Chamomile
This article is exempted from the requirements of the General Notices with respect to the pregnancy and lactation statement (section 10.40.50. Labeling Botanical-Containing Products).USP35
DEFINITION
Chamomile consists of the dried flower heads of Matricaria recutita L. (Matricaria chamomilla L., Matricaria chamomilla L. var. courrantiana, Chamomilla recutita L.) Rauschert (Fam. Asteraceae alt. Compositae). It contains NLT 0.4% of blue volatile oil, NLT 0.3% of apigenin-7-glucoside, and NLT 0.15% of bisabolol derivatives, calculated as levomenol.
IDENTIFICATION
• A. Thin-Layer Chromatographic Identification Test
Standard solution:
1.0 mg/mL of borneol, 2.0 mg/mL of bornyl acetate, and 0.4 mg/mL of guaiazulene in toluene
Sample solution:
Reduce 1.0 g of Chamomile to a coarse powder, using a porcelain pestle and mortar.
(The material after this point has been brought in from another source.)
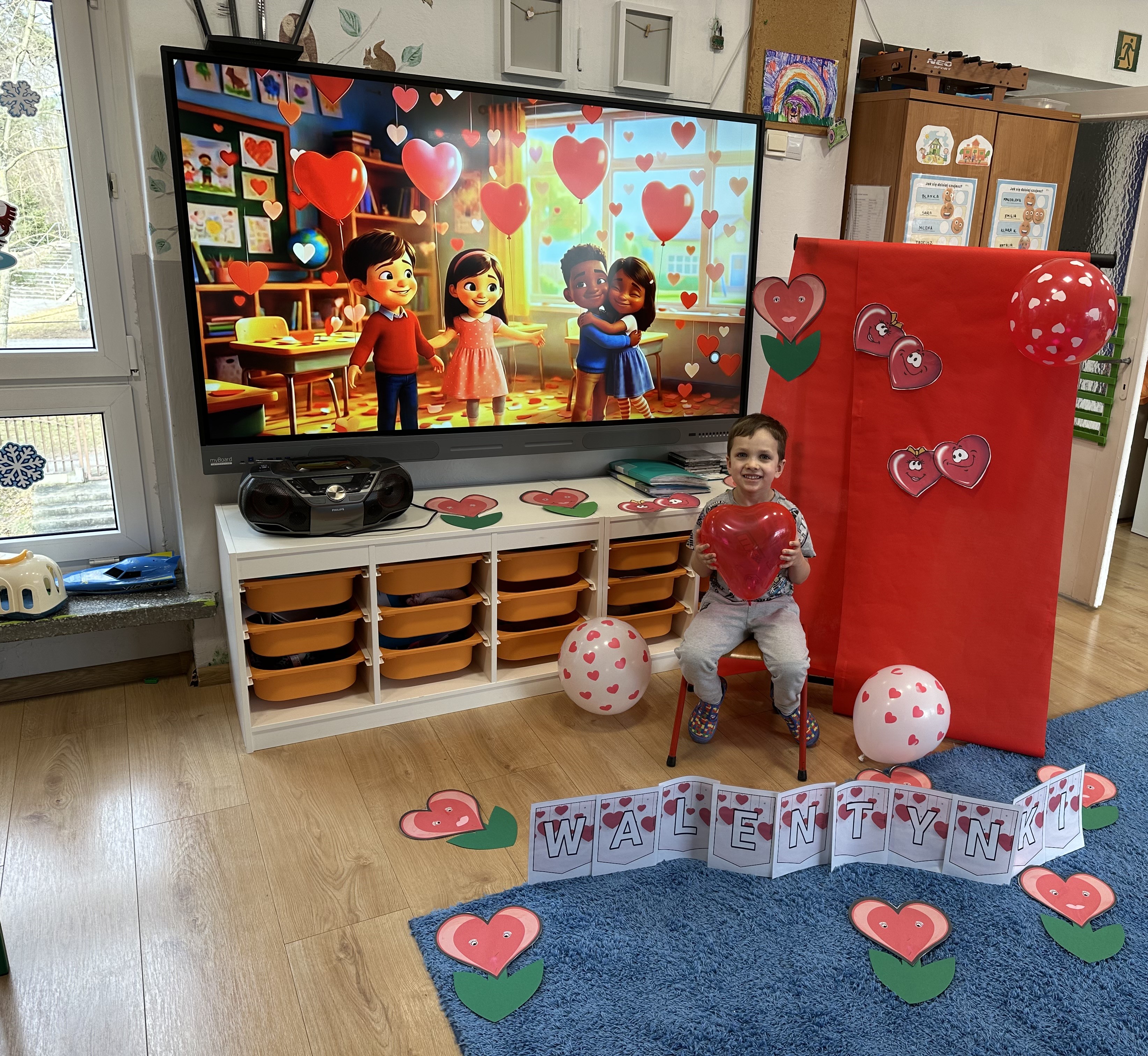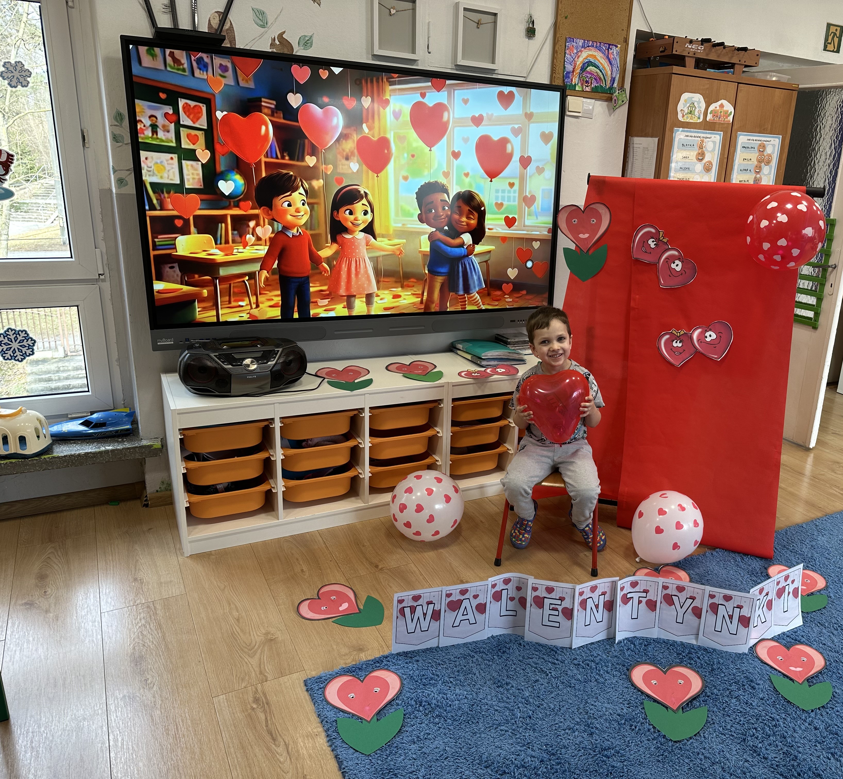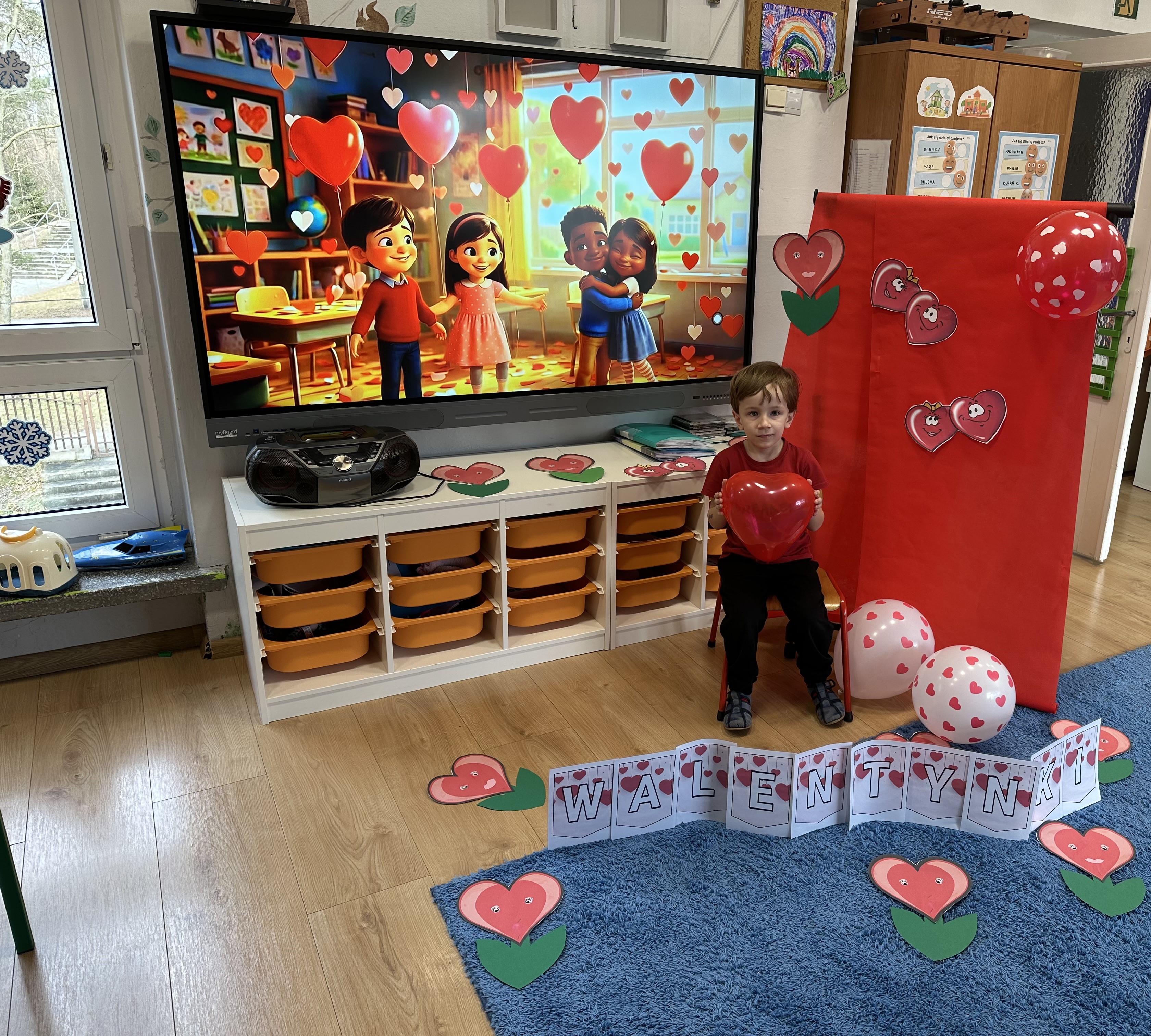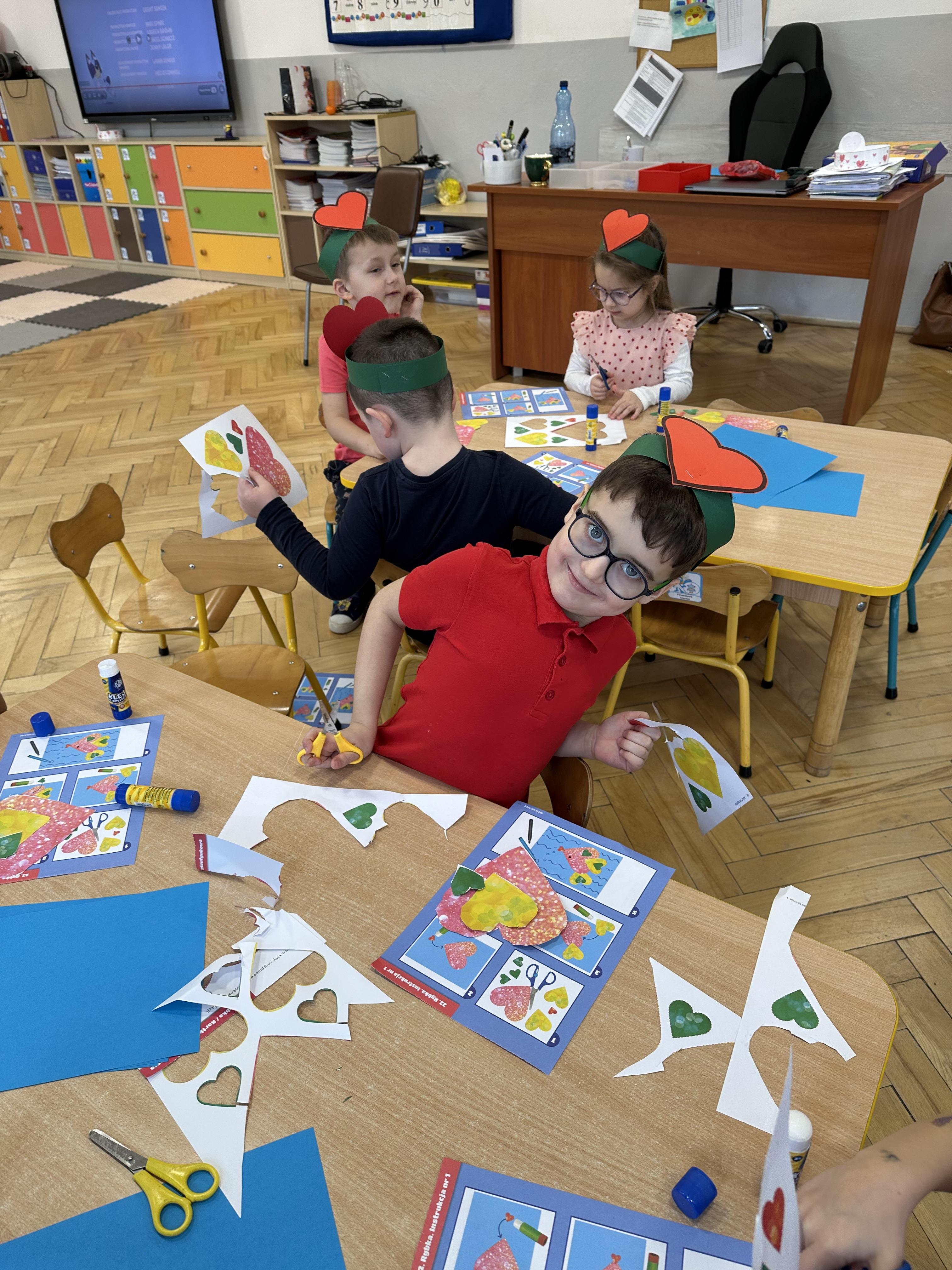 W poniedziałkowy poranek przedszkolaki wysłuchały opowiadania Marii Pawlisz ,,Mam chusteczkę haftowaną…”, które stało się punktem wyjścia do rozmowy o miłości i przyjaźni. Dzieci zauważyły, że można darzyć uczuciem zarówno ludzi, jak i zwierzęta. Dostrzegły jednak różnicę pomiędzy tymi relacjami. Dodatkowo rysowały i wycinały serca, brały udział

Transfer to a 1.5-cm × 15-cm chromatographic column, and tamp lightly with a short length of rubber hose. Rinse the pestle and mortar twice, each time with 10 mL of methylene chloride. Pour the rinsings into the column. Collect the percolate in a flask with a long, narrow neck, and remove the solvent by evaporation on a water bath. Dissolve the residue in 0.5 mL of toluene.
Adsorbent:
0.25-mm layer of chromatographic silica gel
Developing solvent:
Chloroform
Spray reagent:
Mix anisaldehyde, glacial acetic acid, and methanol (0.5: 10: 85). Then carefully add 5 mL of sulfuric acid to this solution.
Application volume:
10 µL, as 3-mm × 20-mm bands
Analysis
Samples:
Standard solution and Sample solution
Examine the plate under short-wavelength UV light: the Sample solution exhibits a number of quenching areas, the largest of which is due to en-yne-dicycloether and has the same RF value as the band due to bornyl acetate in the Standard solution. There is also a band due to matricin near the line of application. Spray the plate evenly with the Spray reagent. Examine the plate in daylight while heating at 100
–105 for 5–10 min. The chromatogram obtained from the Standard solution shows in the lower third a brownish yellow zone that becomes violet-gray after a few hours and is due to borneol; in the middle a yellowish brown to gray zone due to bornyl acetate; and in the upper third a deep red zone with a blue edge due to guaiazulene.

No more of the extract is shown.